Shares of laser-maker II-VI Inc. (NASDAQ:IIVI) surged 8.2% on Friday after the stock received a positive mention in a Morgan Stanley note describing investment opportunities "in the optical space." This capped a week that saw II-VI add 9.6% to its market capitalization.
Citing "strong" secular tailwinds from such technologies as facial recognition, optical networking, and industrial lasers, Morgan Stanley named II-VI -- pronounced "two-six" -- its top pick in this subindustry. The analyst initiated coverage of II-VI with an overweight rating and a $46 price target, reports TheFly.com.
II-VI boasts a diversified customer base and differentiated processes that should enable it to generate more consistent earnings growth than its laser-making peers.
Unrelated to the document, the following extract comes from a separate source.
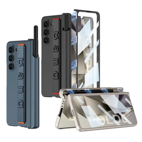 손목 스트랩 포함 펜꽂이 케이스, 삼성 갤럭시 Z 폴드 6 5 4 3 커버, 스크린 유리 펜 슬롯 포함, 갤럭시 Z 폴드 6 하드 케이스

In that regard, S&P Global Market Intelligence shows analysts, on average, predicting that II-VI will grow its sales at roughly 13.6% annually over the next five years.
Here's the really good part: Morgan Stanley, in particular, argues that "volume and yield improvement" should enable II-VI to grow its profit 50% to 100% faster than that 13.6% sales-growth rate -- implying a profit growth rate of as much as 27% annualized.
That's not just better than II-VI's peers are expected to do -- it's potential earnings growth that's nearly twice as fast as the 15% rate that the rest of Wall Street predicts II-VI will achieve. No wonder investors took such a shine to this laser maker on Friday.